3) The anger we suppress doesn't dissipate.  It harms us both  
physically and psychologically.  "...By the time a woman reaches  
midlife, the most significant predictors of her general health are her  
level of stress and where she ranks in terms of keeping her 'anger in.'"
      Fortunately there are ways to not only cultivate our anger, but  
to put it to good use.  Chemaly provides us with a wealth of options.   
So I would recommend this most excellent book to all women, gender  
nonconforming people, and the men who have potential to be allies.
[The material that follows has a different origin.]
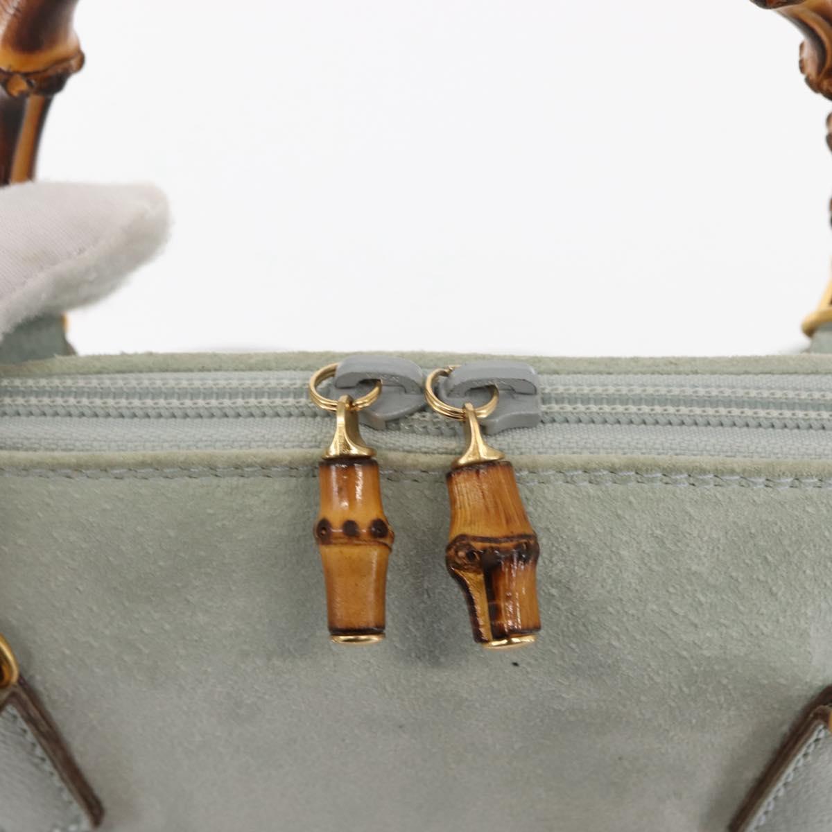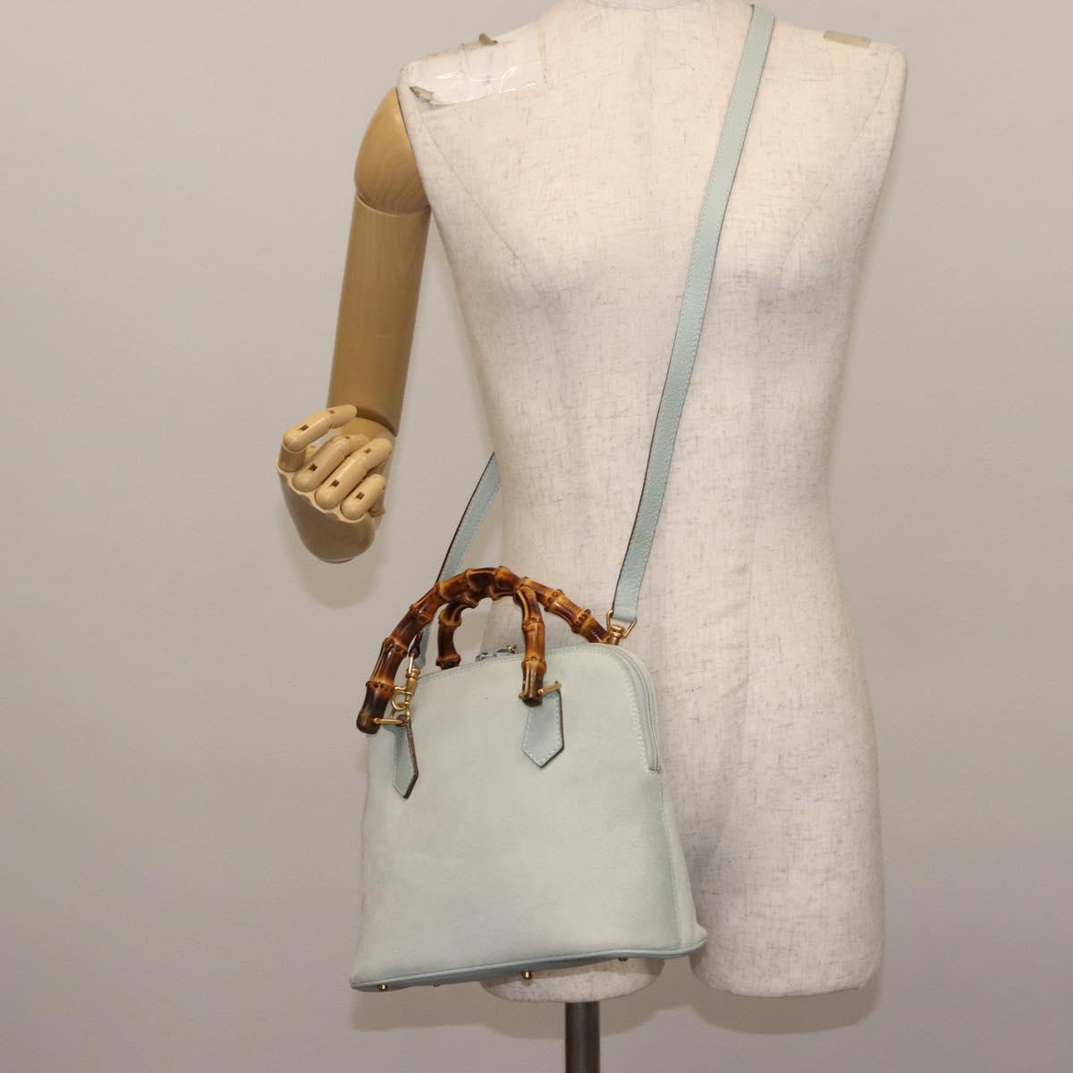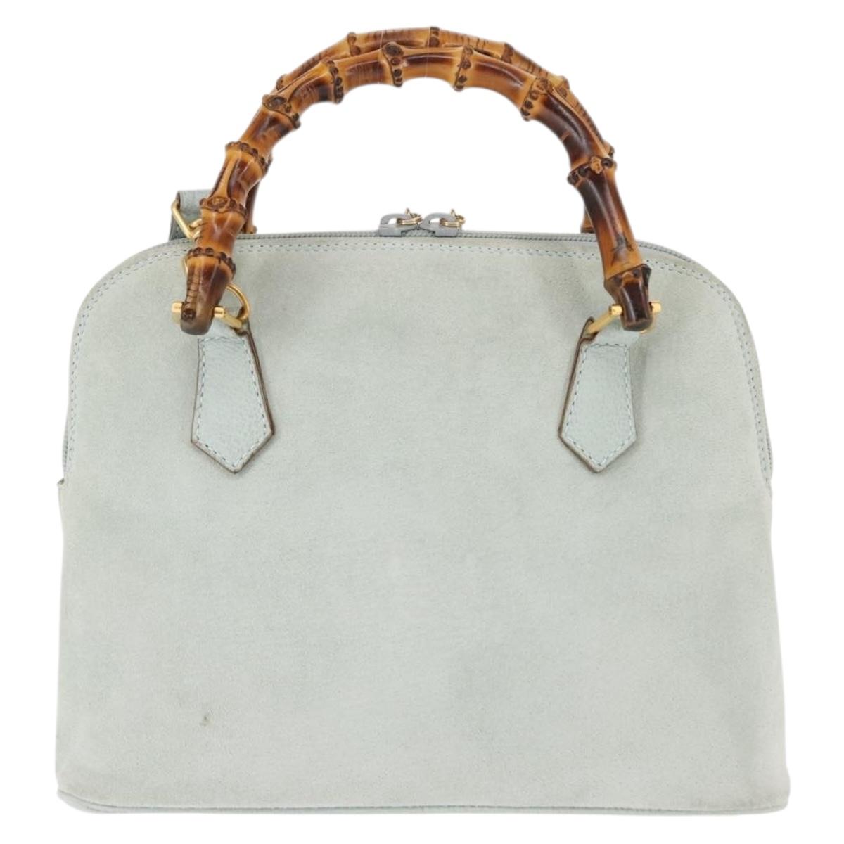 GUCCI Bamboo Hand Bag Suede 2way Light Blue Gold 000 1046 0290 Auth 145985

      After her grandmother who had no problem with expressing anger  
died Chemaly wrote down everything positive she could think about  
anger.  I want to close this review with some of her thoughts:
      "...Anger is an assertion of rights and worth.  It is  
communication, equality, and knowledge.  It is intimacy, acceptance,  
fearlessness, embodiment, revolt, and reconciliation.  Anger is memory  
and rage.  It is rational thought and irrational pain.  Anger is  
freedom, independence, expansiveness, and entitlement.  It is justice,  
passion, clarity, and motivation...
      Your anger is a gift you give to yourself and the world that is  
yours.  In anger, I have lived more fully, freely, intensely,  
sensitively, and politically.  If ever there was a time not to silence  
yourself, to channel your anger into healthy places and choices, this  
is it."
      AMEN!!!!!!!
On a personal note, ironically very few people would use angry to  
describe me.  I'm usually described as a motivator, an encourager, a  
ray of sunshine.  I can use my anger creatively because I am familiar  
and comfortable with it.  I have written regular opinion pieces for  
the Bangor Daily News for six years on topics that enrage me, for  
example.  Anger helps me express myself quite articulately and  
convincingly.
A great big shout out goes out to Chemaly for reminding us that anger,  
far from diminishing us, greatly becomes us.